▶ _Exercise requirements_: Nothing but the lines below from the one containing "お買いもの遊びに向けて、お金" through the one containing "ÔNIBUS DOUBLE DECK" should appear in the answer, exact and without pictures.

▶ _Provided data_:
--- START ---

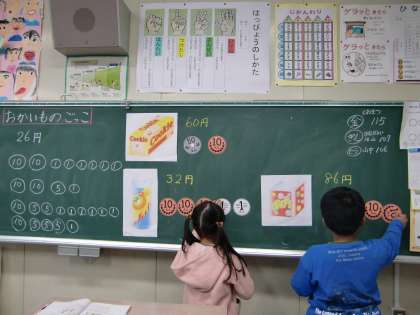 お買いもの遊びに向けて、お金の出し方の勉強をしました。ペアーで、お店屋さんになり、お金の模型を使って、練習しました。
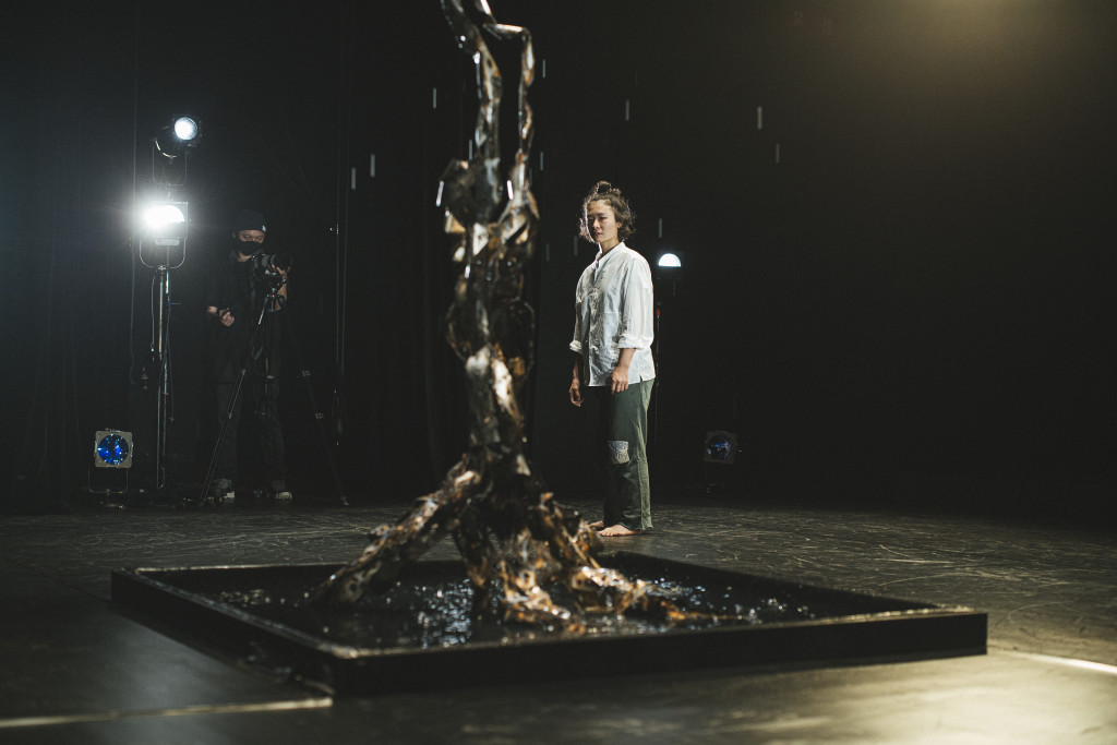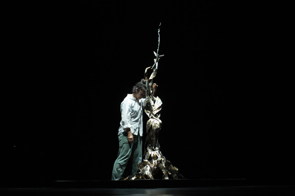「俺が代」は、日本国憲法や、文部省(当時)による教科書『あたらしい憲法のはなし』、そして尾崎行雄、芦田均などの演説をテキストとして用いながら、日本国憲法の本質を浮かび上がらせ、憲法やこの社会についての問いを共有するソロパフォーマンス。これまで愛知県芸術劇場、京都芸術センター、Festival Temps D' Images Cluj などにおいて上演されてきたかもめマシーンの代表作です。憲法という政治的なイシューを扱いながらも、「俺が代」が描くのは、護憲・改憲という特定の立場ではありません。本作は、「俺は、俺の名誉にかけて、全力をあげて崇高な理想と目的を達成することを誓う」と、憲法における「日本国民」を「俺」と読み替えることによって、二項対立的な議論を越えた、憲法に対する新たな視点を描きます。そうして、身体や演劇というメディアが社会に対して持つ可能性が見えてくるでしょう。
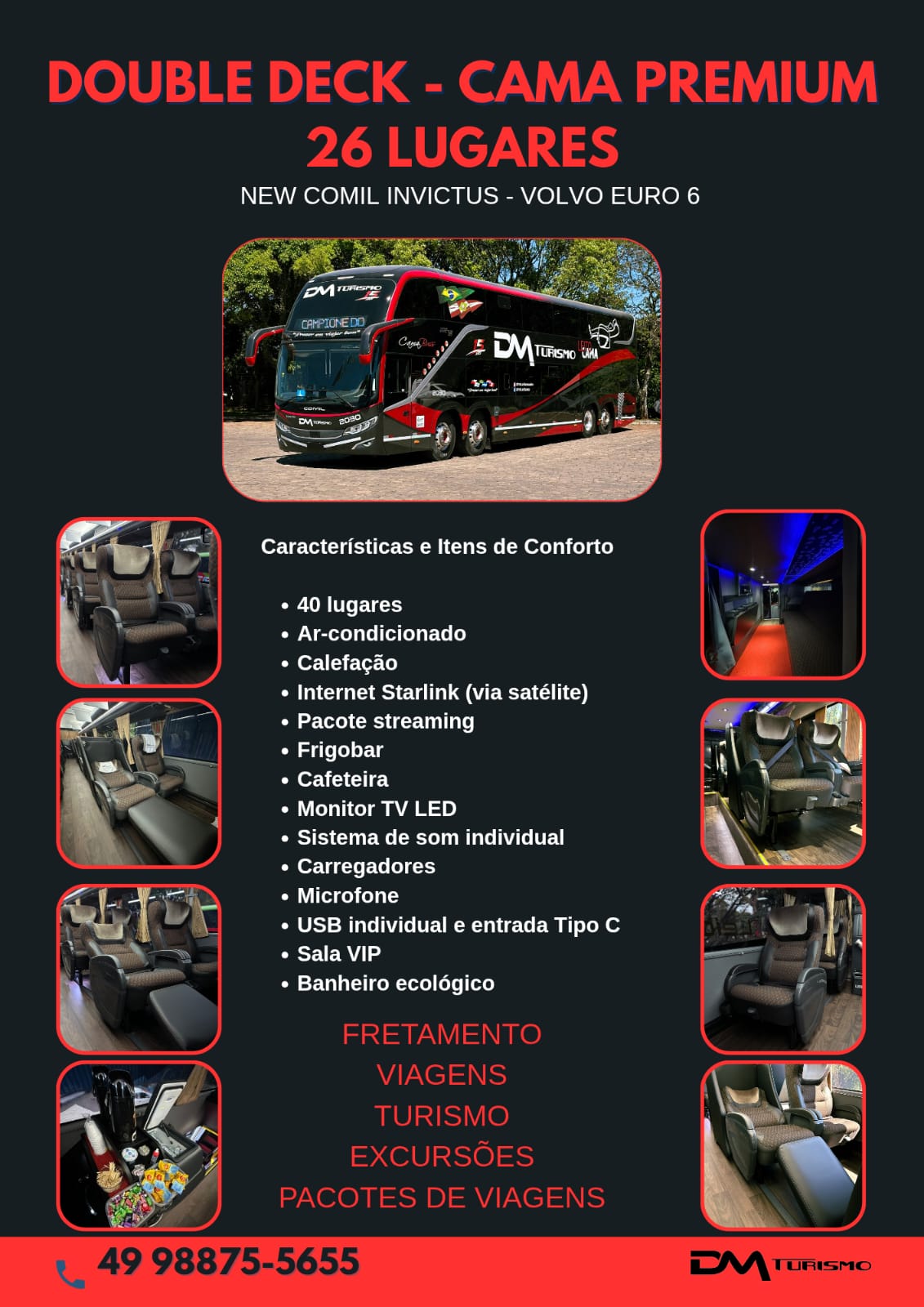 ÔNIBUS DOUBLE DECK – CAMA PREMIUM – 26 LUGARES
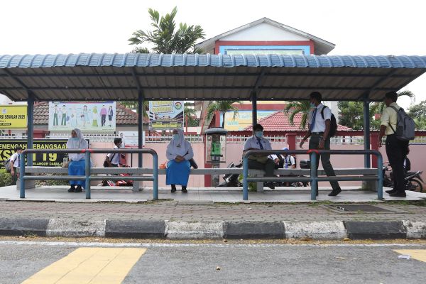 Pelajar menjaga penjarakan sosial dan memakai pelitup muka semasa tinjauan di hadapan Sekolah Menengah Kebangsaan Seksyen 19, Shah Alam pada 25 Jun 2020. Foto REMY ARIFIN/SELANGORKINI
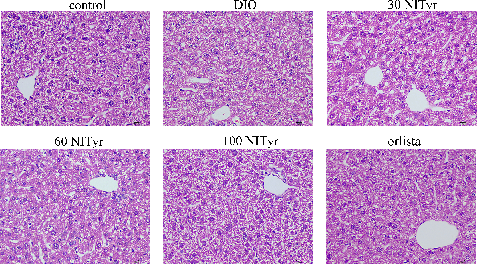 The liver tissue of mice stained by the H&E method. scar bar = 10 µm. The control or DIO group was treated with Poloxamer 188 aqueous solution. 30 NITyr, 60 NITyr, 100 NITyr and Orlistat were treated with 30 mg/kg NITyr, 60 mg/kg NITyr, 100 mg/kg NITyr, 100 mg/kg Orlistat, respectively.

--- END ---
--- START ---

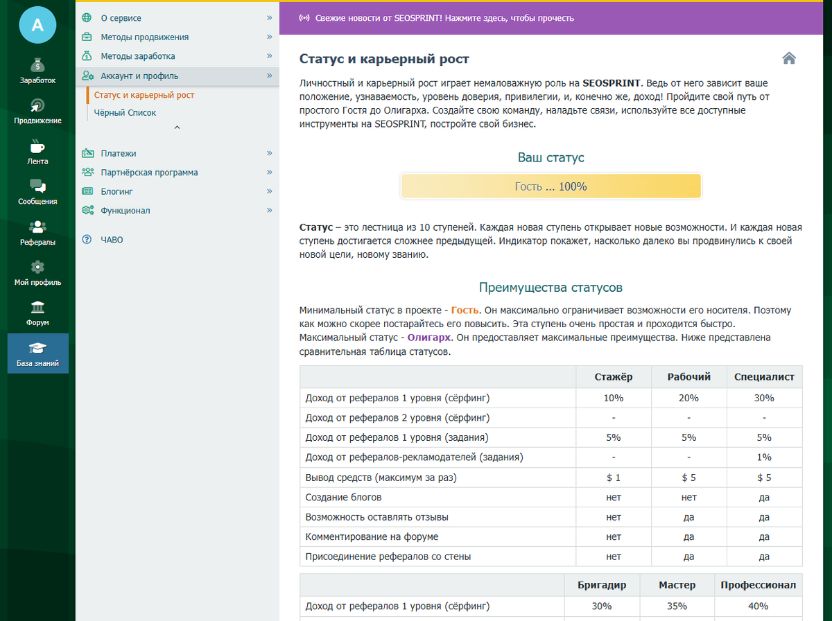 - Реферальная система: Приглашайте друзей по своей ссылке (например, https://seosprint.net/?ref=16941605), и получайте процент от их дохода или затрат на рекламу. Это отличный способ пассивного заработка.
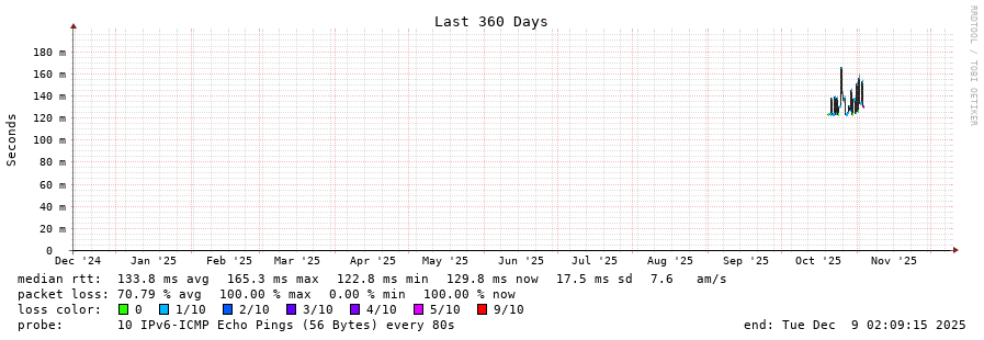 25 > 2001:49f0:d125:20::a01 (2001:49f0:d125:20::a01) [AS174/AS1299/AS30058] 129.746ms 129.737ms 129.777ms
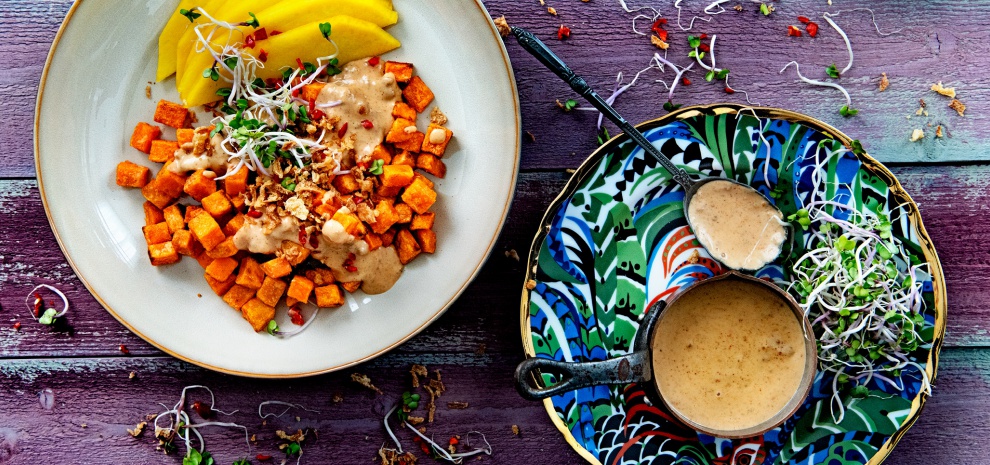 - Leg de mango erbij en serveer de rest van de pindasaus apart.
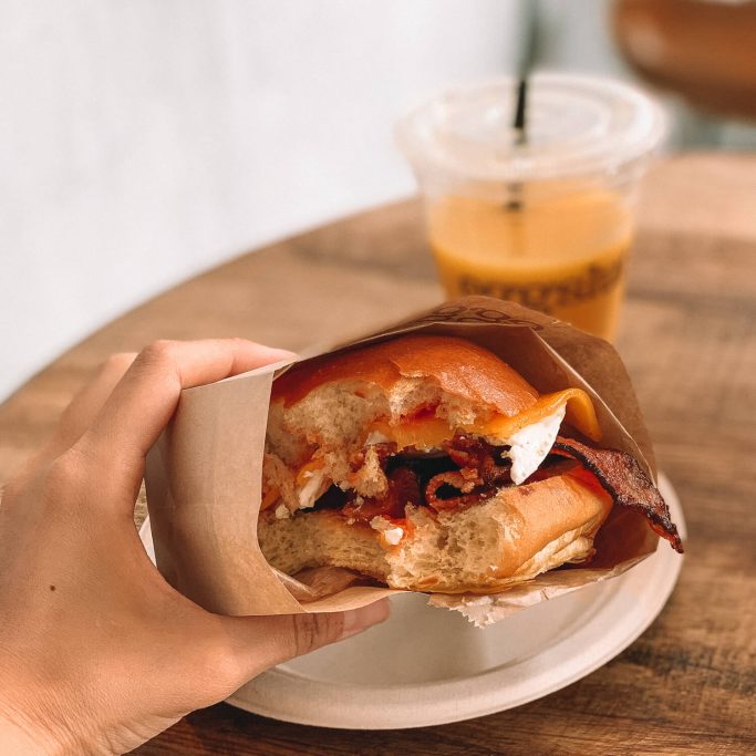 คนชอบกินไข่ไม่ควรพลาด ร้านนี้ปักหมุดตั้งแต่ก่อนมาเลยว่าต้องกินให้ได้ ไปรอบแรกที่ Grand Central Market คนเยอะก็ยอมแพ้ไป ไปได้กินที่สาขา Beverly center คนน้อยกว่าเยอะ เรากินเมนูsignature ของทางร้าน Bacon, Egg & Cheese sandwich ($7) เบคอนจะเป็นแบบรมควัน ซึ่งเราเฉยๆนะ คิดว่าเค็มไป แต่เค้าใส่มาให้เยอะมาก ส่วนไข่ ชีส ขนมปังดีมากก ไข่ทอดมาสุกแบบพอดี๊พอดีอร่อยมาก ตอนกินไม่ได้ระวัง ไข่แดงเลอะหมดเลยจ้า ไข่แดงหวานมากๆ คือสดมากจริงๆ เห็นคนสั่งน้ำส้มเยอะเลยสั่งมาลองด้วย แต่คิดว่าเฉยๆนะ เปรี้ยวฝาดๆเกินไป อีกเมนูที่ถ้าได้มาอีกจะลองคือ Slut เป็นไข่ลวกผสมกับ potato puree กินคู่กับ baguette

--- END ---
--- START ---

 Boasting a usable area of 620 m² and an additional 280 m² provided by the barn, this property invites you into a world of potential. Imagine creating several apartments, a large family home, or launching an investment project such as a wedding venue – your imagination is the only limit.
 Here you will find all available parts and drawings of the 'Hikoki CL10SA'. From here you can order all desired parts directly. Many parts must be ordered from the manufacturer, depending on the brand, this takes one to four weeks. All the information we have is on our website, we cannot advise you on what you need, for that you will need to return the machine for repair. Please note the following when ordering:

--- END ---

▶ _Answer area_:
 お買いもの遊びに向けて、お金の出し方の勉強をしました。ペアーで、お店屋さんになり、お金の模型を使って、練習しました。
「俺が代」は、日本国憲法や、文部省(当時)による教科書『あたらしい憲法のはなし』、そして尾崎行雄、芦田均などの演説をテキストとして用いながら、日本国憲法の本質を浮かび上がらせ、憲法やこの社会についての問いを共有するソロパフォーマンス。これまで愛知県芸術劇場、京都芸術センター、Festival Temps D' Images Cluj などにおいて上演されてきたかもめマシーンの代表作です。憲法という政治的なイシューを扱いながらも、「俺が代」が描くのは、護憲・改憲という特定の立場ではありません。本作は、「俺は、俺の名誉にかけて、全力をあげて崇高な理想と目的を達成することを誓う」と、憲法における「日本国民」を「俺」と読み替えることによって、二項対立的な議論を越えた、憲法に対する新たな視点を描きます。そうして、身体や演劇というメディアが社会に対して持つ可能性が見えてくるでしょう。
 ÔNIBUS DOUBLE DECK – CAMA PREMIUM – 26 LUGARES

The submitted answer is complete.